# costs of building stable yard



## rowy (11 June 2010)

we're going to build a stable yard at our new house. at the moment it has makeshift shed like stables on patio slabs and we want to remove these and put down some concrete and have a corner stable 15x15, 3 12x12 stables and a 6x12 feed room and a 14x 12 haybarn. 
How much do you think it would cost to concrete and have the stables. I have looked up the stables cost to see it will be about £5000 to £8000 but have no idea how much it would be to concrete a area 51 metres by 25 metres? 
Any help and suggestions would be excellent.


----------



## miller (11 June 2010)

Our concrete was the most expensive part! Make sure you buy concrete with the agricultural additive else the urine will 'rot' it - best bet would be to call round suppliers at it will all depend on haulage to you and whether a pump is required rather than a straight tip job 

I'll ask OH how much ours was - 5 years ago now though


----------



## Maesfen (11 June 2010)

If you don't know what you're doing, it's well worthwhile getting a builder in to get your ground right before you concrete, it will help too if you know how and where you want your water and electric connected so think very carefully how it all interacts.  The base is the most important part and if it's not right you'll regret it for ever and a day.  I'd ring your local builders merchants for quotes for your concrete and they can probably help you find someone who knows what they're doing.


----------



## rowy (11 June 2010)

thanks, there is already water and electricity connect which saves a job, though still need it connected to all the stables. 
Will have to ring round, just wanted an estimate so we know how much generally its going to cost.


----------



## kit279 (11 June 2010)

Add 30% onto the cost of the stables and that's approximately the cost of the concrete.  Get someone who knows what they're doing though and make sure they tamp the concrete in the right direction so you can sweep waste water away in the right direction!!


----------



## Honey08 (11 June 2010)

We built a block of 3 12x12 stables with a 12x18 corner box.  We concreted a "square" so the yard is square to the ends of the buildings (if you know what I mean).  We had to hardcore a drive about a 100yds long and the area the yard sits on.  The hardcore extends around the concrete base for the yard and stables - we park the box there.  
In 2007 we spent -
Planning dept and architect- £1000
Labour for digging/spreading hardcore £300
Hardcore £1200
Concretre £2000 incl labour (I think - only cost I didn't record!)
Hire of large digger £350
Stables (as above) and 12x12 field shelter £7402.50 incl. vat
Rubber mats £1124.20 (included two other small pony stables)
Fencing and gates £300

Total £13676.70

The stables were great, and I'm really pleased with them.  As you can see, the stables are only about half of the expense!  You may not need an architect/ planning permission - we are in greenbelt with a terrible council!

Good luck.  Its lovely having your horses at home!
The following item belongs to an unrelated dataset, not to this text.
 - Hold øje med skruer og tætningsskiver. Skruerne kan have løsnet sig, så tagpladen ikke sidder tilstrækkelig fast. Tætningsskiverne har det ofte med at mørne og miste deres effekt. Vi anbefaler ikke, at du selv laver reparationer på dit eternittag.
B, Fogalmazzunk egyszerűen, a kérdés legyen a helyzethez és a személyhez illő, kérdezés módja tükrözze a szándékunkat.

If you pay £20/wk for a stable you spend nearly £1000/yr - so having four horses now, we've paid for them already!  The downside is all the maintenance and fencing and land management comes down to you!


----------



## Toby_Zaphod (11 June 2010)

When designing your yard don't forget that there are rules & regulatiuons regarding muck heaps & keeping the drain off from contaminating the water course It will need to be on a concrete slab, check with your local planning officer who will tell you all you need to know.


----------



## rowy (14 June 2010)

thanks thats really handy to know, will take it all into account when doing the stables.
They just have small muckheap in the field atm but we may start putting it in a trailer so the farmer can take it easily. Not sure if we need planning but we probably will as they said they didn;t need planning for stables there at the moment but they aren't actually in the ground (i.e. movable)


----------



## Honey08 (14 June 2010)

Just a thought - if VAT is likely to increase in the new budget, might be an idea to order them now - if you're confident of getting planning... The VAT adds quite a lot on to the price.


----------



## HazellB (15 June 2010)

Honey08 said:



			..... if VAT is likely to increase in the new budget, might be an idea to order them now ...
		
Click to expand...

That's a very good point, but most places will charge the rate of the day of delivery, not the order, sadly.
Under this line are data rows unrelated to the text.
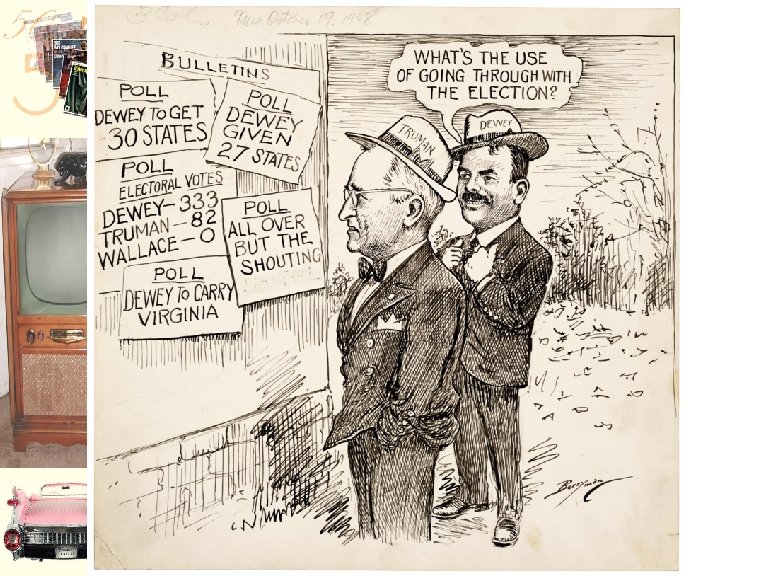 • 1948 Election - Democrats (Truman) re-elected - Dixiecrats (Strom Thurmond) - Republican (Thomas Dewey)
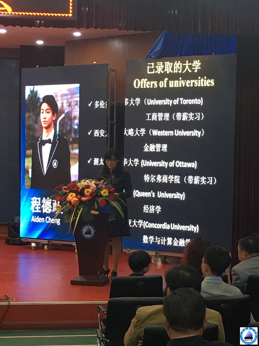 接着,优秀毕业生耿懿潇家长刘晶女士、在读高三学生程德政家长孙蕾女士和陈凡北家长陈书来先生依次发言。他们表示,中加班良好的校园环境、完善的教学设施、严谨规范的教学管理水平,超前的办学思路、现代化的教学理念,还有中加双方的老师们的谆谆教诲和言传身教,给了孩子们一段幸福快乐的高中生活。而且经过三年来学校领导的重视、中加双方老师的努力,孩子们都被世界一流大学录取,社会实践能力及综合素质也大为提高,真诚感谢老师们对学生倾注的无私奉献。
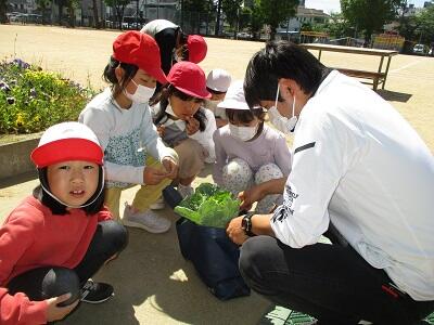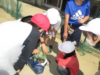 3年生の理科の学習で、キャベツの葉に産み付けたモンシロチョウやアゲハチョウの卵をみんなで観察している様子です。

We built our own yard, with me working as everything from planner to bricky. The only thing I refused to do was the rooves and my partner managed those alone (I'm chicken with heights!) and I also worked as accountant.

Cement and sand was listed in my accounts as about half the cost overall (inc. cement used in the walls) so it is quite high. However, we did build block stables which worked out far, far cheaper than wooden ones. You may find out block buildings are cheaper for you, too, if you source the right blocks.
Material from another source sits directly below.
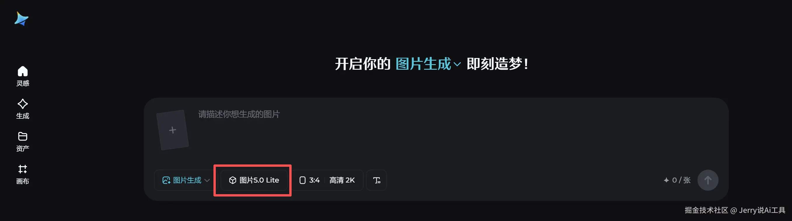 2️⃣ 选择 图片生成,选择图片5.0Lite(Seedream5.0模型)
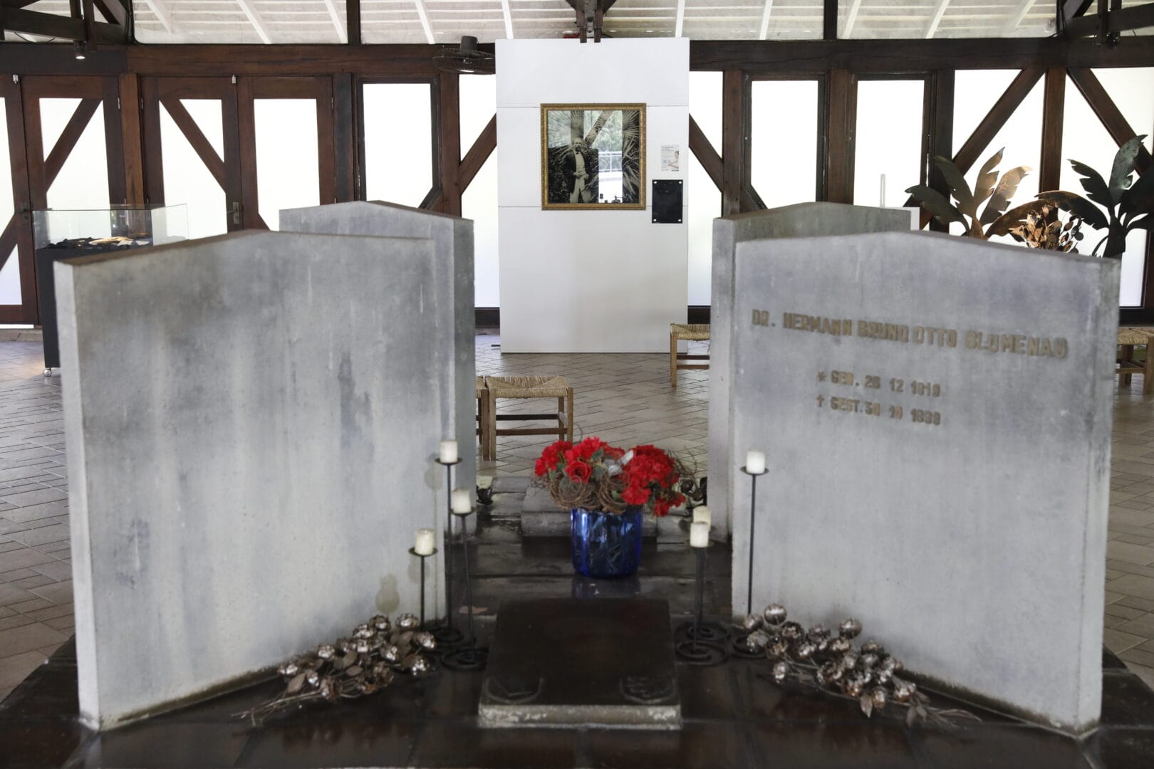 O espaço guarda os restos mortais de Hermann Bruno Otto Blumenau, o fundador da colônia que deu origem à cidade, e de outros membros da família. Ele morreu na Alemanha e foi sepultado em Braunschweig, em 30 de outubro de 1899. Em 2 de setembro de 1974, 75 anos da morte, os restos mortais retornam para Blumenau, que repousam junto aos familiares.

We bought seconds, 17 pallet loads in all. Because Building Regs don't matter for stables, you can use 'second' blocks at less than half the price of house quality blocks. Their only fault is that the pallet full weighs either too much or too little and they are perfectly safe like normal blocks. Perhaps some of the corner ones are cracked on the pallets, or they are sitting crooked on the pallet - anything can count as a 'second'. 

It's 12 years since we started to build (this month, I think) and overall our yard is about the size of yours. It cost only £4,500 (but remember, we had zero labour, planning and so on costs) and took only three months to get to a usable stage. We rendered and painted later and did little jobs to finish as and when we had chance. It's still standing ......


----------